11-12-2009 @ 11:27PM
Beth said...I personally think that most of the people that disagree with Mr. Elston need to come down off their pedistals and venture into the real world. In 6th grade my now 18 year old son came home and asked me about oral sex. I was open about it and told him what it was. After he said "eww that's gross" he went about his business. The sad thing about it was that he had heard about it in school from the other kids. Now, tell me why Hooter's is bad. I personally do not care for their food but, the waitresses are not to be blamed and called names. Any of you "ladies" out their needs to put themselves into their shoes. I paid my way through both a BA and MA being a waitress so, get off your high horses folks. Maybe you think that Mr. Elston went about things the wrong way but, at least he is the type of parent that cares about his child. I believe that you can explain sex at every stage of life to thier understanding. Maybe if some of you would be open about sex with your kids and not let their friends be their teachers, there would be a decrease in teen pregnancy and STD's. With everything else that can and do help to corrupt our youngsters, I would think that you have more important things to do. Remember, we are raising the next generation, our future leaders and innovators so, as the saying goes; judge not lest ye be judged. Oh, I forgot, let he who is without sin cast the first stone.

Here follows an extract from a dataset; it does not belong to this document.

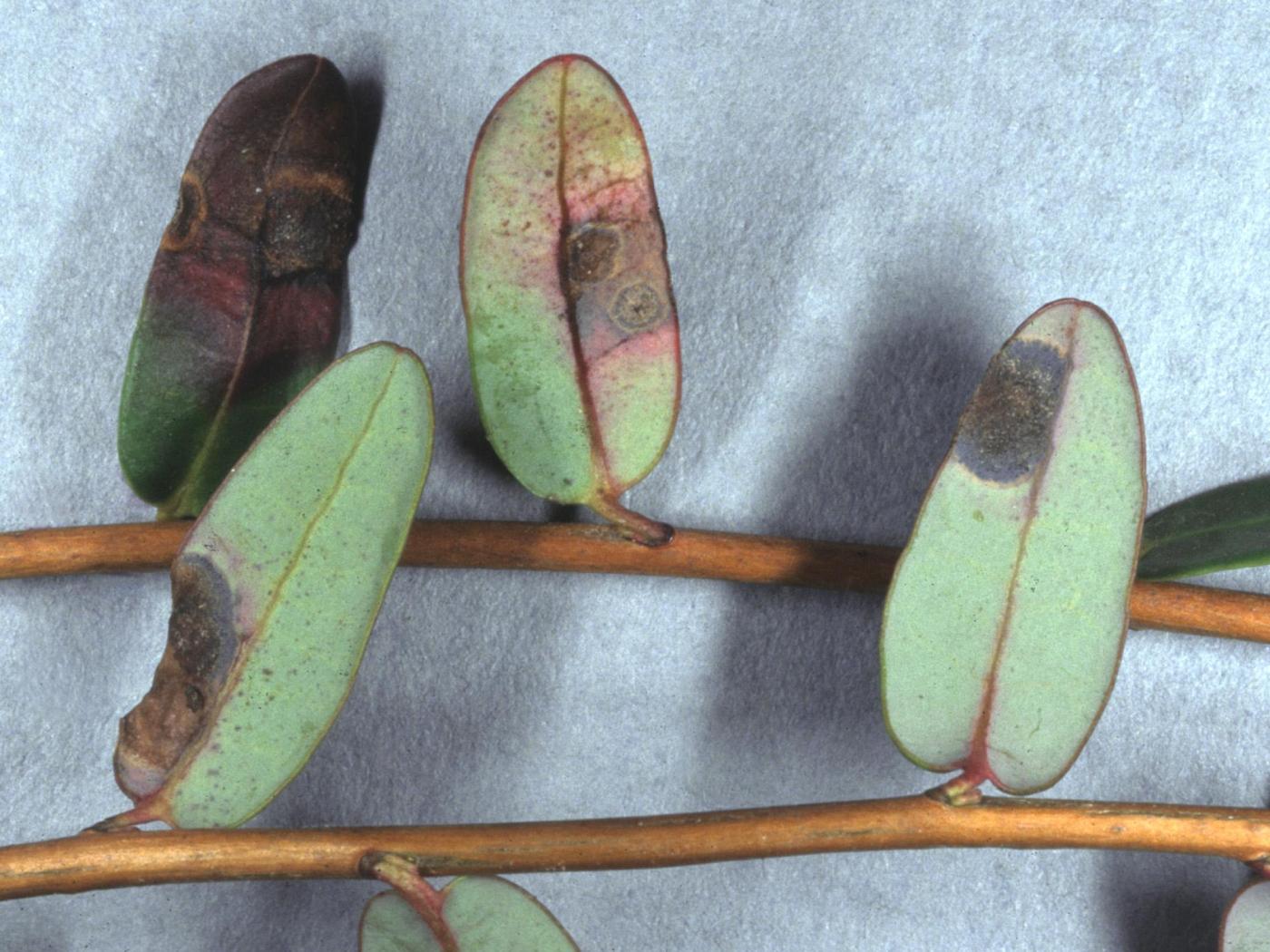 Légende: Taches circulaires brunes à noires sur feuilles de canneberge

I don't think any of us can claim that one.
11-12-2009 @ 11:48PM
Robert said...I agree This is the year 2009 if we don't teach our kids the right way we would not have 11 or 12 year olds having sex and babies and a lot of child abuse with unwed teens so I think there are a lot of bible thumpers taking this to heart due to they just rather have there kids learn from friends since they are to scared to have the sex talk I am very open and honest with my 6 year old and he knows about how babies are made and to take precautions if I have to read a gang letter and about colors they wear and how to act in school then the sex talk is a peice of cake. I think being a parent is in the parents hands and this father is a great father for wanting to take great care of his son and see if the sex talk is needed. Some parents could learn from this father and get a set of balls and have a conversation with there kids once in a while get to know them for who they are and not ignore them and this world might have more smart kids that make better choices then there stupid parents do.
11-12-2009 @ 11:46PM
Shawn said...Maybe kids shouldn't go to the beach right??? Get a grip people please!!!!!
11-13-2009 @ 12:53AM
watch the world said...To Judy B,
One of the first things that parents teach their children is that people who are mean and hateful are ugly and "slimy" on the inside... Unfortunately, you are one of these people. I pity you for your ignorance. Hooters is a restaurant, and the women and girls that work there are clearly far better human beings than yourself. If you object to taking children there then please also refrain from taking your children to the beach, girls' sporting events, and ballets for fear that they would be exposed to the inappropriate bikinis, short-shorts uniforms, and too-tight leotards (assuming you have children; I can't imagine there would be any man willing to subject himself to such a judgemental person). Thank you Mr. Elston for choosing a practical approach to this delicate topic of parenting.
11-13-2009 @ 12:55AM
Lea said...I am a prude when it comes to porn and such...I don't think children should be exposed to such things. However, these kids were exposed to nothing more than what they see on an average city sidewalk in July. If so many parents would be so attentive we would not have the social problems we have. Kudos.